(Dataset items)
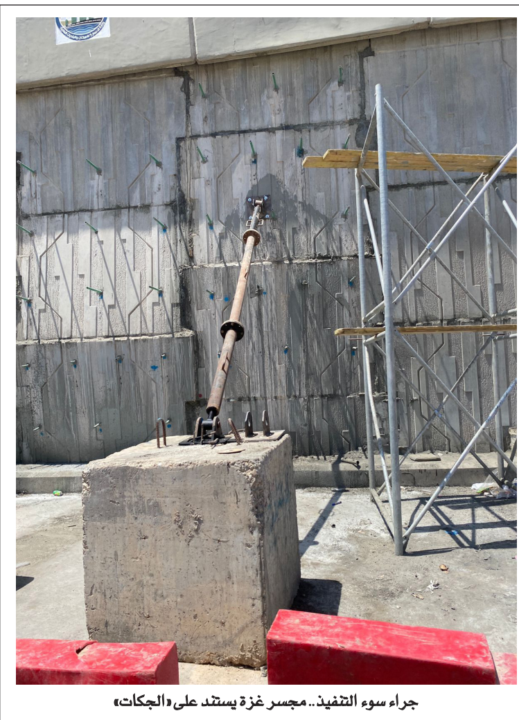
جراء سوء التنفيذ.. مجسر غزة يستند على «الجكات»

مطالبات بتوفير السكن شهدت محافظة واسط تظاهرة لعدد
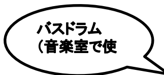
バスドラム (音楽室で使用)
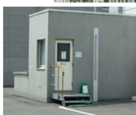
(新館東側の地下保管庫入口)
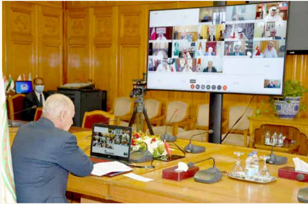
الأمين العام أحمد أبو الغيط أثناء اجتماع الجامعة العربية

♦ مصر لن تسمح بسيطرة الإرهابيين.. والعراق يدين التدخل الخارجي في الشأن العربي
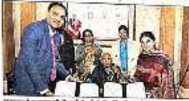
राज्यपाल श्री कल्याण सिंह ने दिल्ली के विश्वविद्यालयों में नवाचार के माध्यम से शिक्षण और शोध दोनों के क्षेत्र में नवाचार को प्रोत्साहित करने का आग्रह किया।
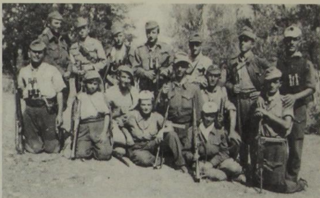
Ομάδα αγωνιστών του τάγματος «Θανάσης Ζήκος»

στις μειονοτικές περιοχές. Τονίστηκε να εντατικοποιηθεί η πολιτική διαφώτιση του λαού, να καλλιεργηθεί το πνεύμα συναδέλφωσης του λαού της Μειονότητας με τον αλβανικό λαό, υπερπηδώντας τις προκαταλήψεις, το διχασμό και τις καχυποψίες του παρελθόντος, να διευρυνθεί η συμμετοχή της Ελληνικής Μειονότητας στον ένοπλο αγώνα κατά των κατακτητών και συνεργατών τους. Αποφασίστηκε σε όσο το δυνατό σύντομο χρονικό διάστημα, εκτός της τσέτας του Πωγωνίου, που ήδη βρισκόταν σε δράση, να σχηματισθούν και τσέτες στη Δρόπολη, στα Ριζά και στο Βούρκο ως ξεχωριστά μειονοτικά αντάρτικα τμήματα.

==

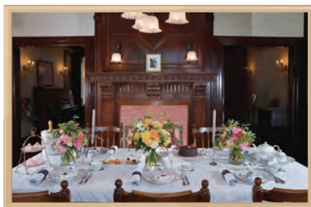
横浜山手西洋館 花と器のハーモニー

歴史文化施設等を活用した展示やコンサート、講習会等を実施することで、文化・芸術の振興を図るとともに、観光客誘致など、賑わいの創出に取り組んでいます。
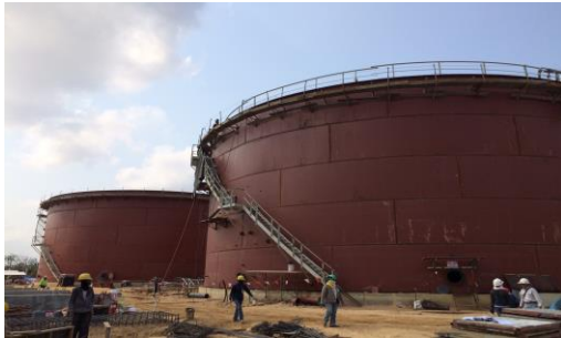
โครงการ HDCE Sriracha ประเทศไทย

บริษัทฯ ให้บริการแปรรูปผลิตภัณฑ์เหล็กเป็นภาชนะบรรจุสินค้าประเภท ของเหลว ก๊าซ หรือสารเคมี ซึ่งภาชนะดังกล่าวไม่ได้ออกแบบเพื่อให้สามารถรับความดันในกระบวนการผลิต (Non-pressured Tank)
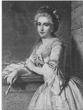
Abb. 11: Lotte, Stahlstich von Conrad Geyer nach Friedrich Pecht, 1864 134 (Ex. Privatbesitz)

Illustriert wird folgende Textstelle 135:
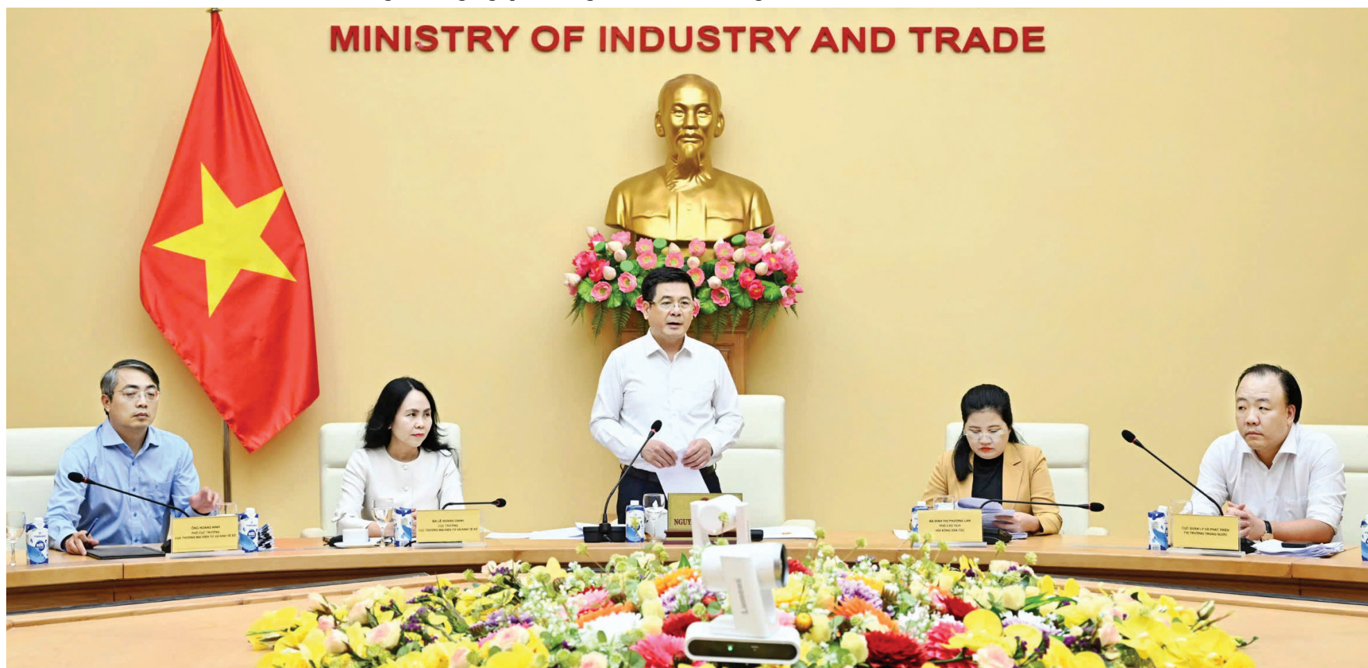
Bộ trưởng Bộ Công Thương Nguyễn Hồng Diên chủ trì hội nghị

...

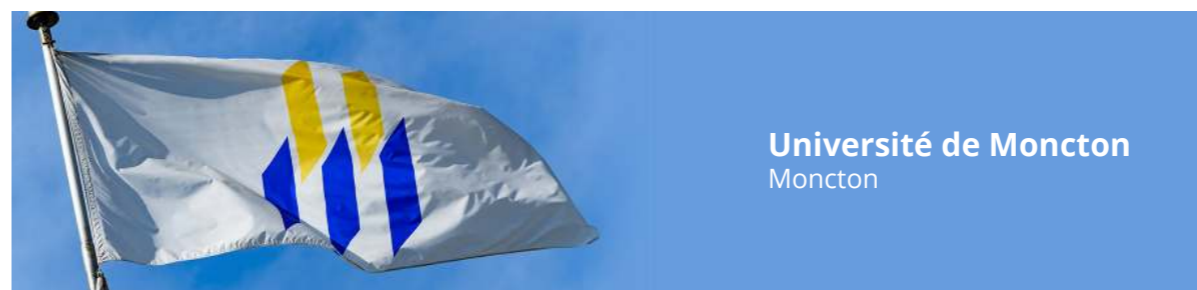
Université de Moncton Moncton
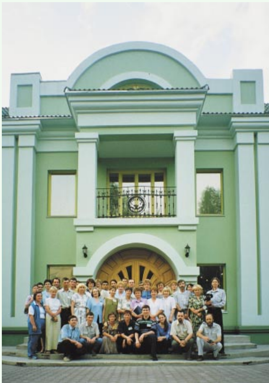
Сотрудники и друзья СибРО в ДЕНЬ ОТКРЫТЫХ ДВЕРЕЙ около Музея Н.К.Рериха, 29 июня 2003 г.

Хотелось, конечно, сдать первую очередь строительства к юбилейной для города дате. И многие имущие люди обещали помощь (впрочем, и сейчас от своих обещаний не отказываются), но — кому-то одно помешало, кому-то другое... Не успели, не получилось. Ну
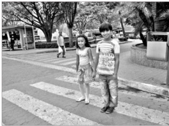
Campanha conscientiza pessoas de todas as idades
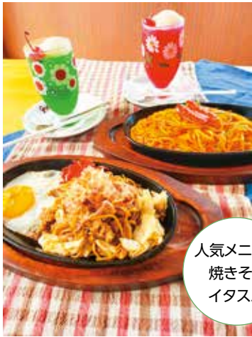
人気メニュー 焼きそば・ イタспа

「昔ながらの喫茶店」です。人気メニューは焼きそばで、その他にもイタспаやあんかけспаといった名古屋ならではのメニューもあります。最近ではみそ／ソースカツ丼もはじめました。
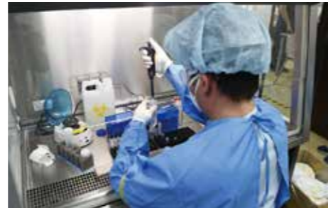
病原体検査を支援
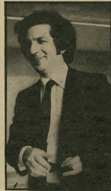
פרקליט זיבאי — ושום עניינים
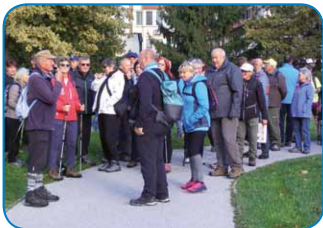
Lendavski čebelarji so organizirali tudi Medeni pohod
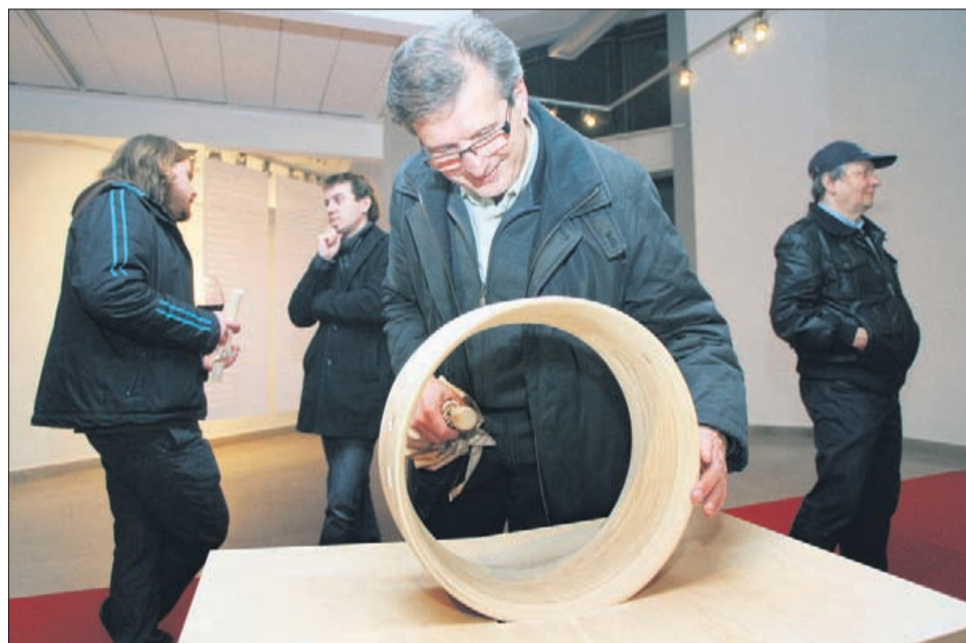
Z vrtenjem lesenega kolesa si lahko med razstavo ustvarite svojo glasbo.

** What is expected **
Using the data above, retype exactly the lines from the line with "Сотрудники и друзья" to the line with "Z vrtenjem lesenega", inclusive. No pictures and nothing else.

** Task response **
Сотрудники и друзья СибРО в ДЕНЬ ОТКРЫТЫХ ДВЕРЕЙ около Музея Н.К.Рериха, 29 июня 2003 г.

Хотелось, конечно, сдать первую очередь строительства к юбилейной для города дате. И многие имущие люди обещали помощь (впрочем, и сейчас от своих обещаний не отказываются), но — кому-то одно помешало, кому-то другое... Не успели, не получилось. Ну
Campanha conscientiza pessoas de todas as idades
人気メニュー 焼きそば・ イタспа

「昔ながらの喫茶店」です。人気メニューは焼きそばで、その他にもイタспаやあんかけспаといった名古屋ならではのメニューもあります。最近ではみそ／ソースカツ丼もはじめました。
病原体検査を支援
פרקליט זיבאי — ושום עניינים
Lendavski čebelarji so organizirali tudi Medeni pohod
Z vrtenjem lesenega kolesa si lahko med razstavo ustvarite svojo glasbo.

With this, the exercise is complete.